Reclamaciones alternativas
Módulo 5: Difamação e reputação
Além das denúncias penais e das exigências de responsabilidade civil por difamação, na América foram apresentadas algumas estratégias alternativas que buscam restringir a liberdade de expressão em situações em que a reputação ou a honra são consideradas afetadas. Por exemplo, foram definidas leis restritivas a respeito dos discursos que são considerados difamatórios ou foram acudidos mecanismos de censura indireta, como por exemplo o abuso de controles oficiais sobre o espectro eletromagnético, ou sobre as licenças para emitir conteúdos, entre outros.
Leyes contra discursos difamatórios
Los delitos de sedición,(1A rebelião e a traição à pátria existem apenas em muitos países e continuam a ser utilizadas para acalmar a liberdade de expressão. Por exemplo, a CIDH emitiu comunicados manifestando sua preocupação pelo processo de opositores ao governo venezuelano pelos delitos de traição à pátria e rebelião.(2)
Um desenvolvimento mais recente foi a aprovação de leis de «notícias falsas» em alguns países. Estas leis são justificadas pelos Estados como necessárias para proteger a segurança nacional ou a ordem pública e para fazer frente à desinformação desatada pelo crescimento da Internet e das redes sociais, mas com frequência está em tensão com o direito à liberdade de expressão.

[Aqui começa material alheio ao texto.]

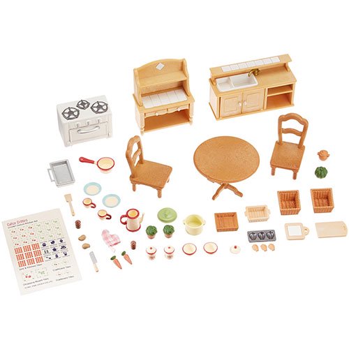 Add to registry add to favorites. Calico critters kitchen island dollhouse furniture set. Includes over 18 pieces of furniture and accessories for dollhouse role play including island furniture, mixer, scale, doughnut and waffle maker, ladle, milk and more! New calico critters room set japan gift japan import from japan. 5.88 inches (h) x 2.38 inches (w) x 11.75 inches (l). Calico critters cc2257 deluxe kozy kitchen set. Kitchen play set (includes 37 pieces). Kitchen play set features cooking utensils that can be stored in the kitchen cabinet and drawers. This set comes with a large hutch, sink, stove/oven, cookware, refrigerator/freezer, food & many accessories. Calico critters kitchen play set is an essential furniture set for any calico critters dollhouse. Countertop with sink, refrigerator, hutch, round table, oven, cutting board, lettuce, carrot, 2 tomatoes, 2 cucumbers, 2 mushrooms, bread knife, ice. Calico critters hopper kangaroo family. The refrigerator contains a freezer compartment, from which ice can be taken out using the provided scoop.

Um caso relevante a respeito é o da Federación de Periodistas Africanos v. Gâmbia. Neste caso, foram estudados os crimes de sedição, notícias falsas e difamação criminal no Código Penal da Gâmbia e concluiu-se que estes vulneravam a liberdade de expressão. É interessante que, neste caso, a ação legal foi promovida por parte de um grupo de jornalistas, dentro dos quais foram encontrados alguns que foram processados e detidos por essas leis repressivas. Aqui se concluiu que “as sanções penais por sedição, difamação e notícias falsas tiveram um efeito paralisante que pode restringir indevidamente o exercício da liberdade de expressão dos jornalistas”(3) e foi ordenado à Gâmbia que modificasse seu Código Penal para que fosse conforme aos padrões de liberdade de expressão.
Censura indireta
O artigo 13.3 da Convenção Americana estabelece que “não se pode restringir o direito de expressão por vias ou meios indiretos, tais como o abuso de controles oficiais ou particulares de papel para jornais, de freqüências radioelétricas, ou de equipamentos e aparelhos usados na difusão de informações ou por qualquer outro meio encaminado para impedir a comunicação e circulação de ideias e opiniões”. Na região, também aconteceu que discursos críticos foram censurados por meio de diferentes controles governamentais diferentes na utilização do sistema de justiça.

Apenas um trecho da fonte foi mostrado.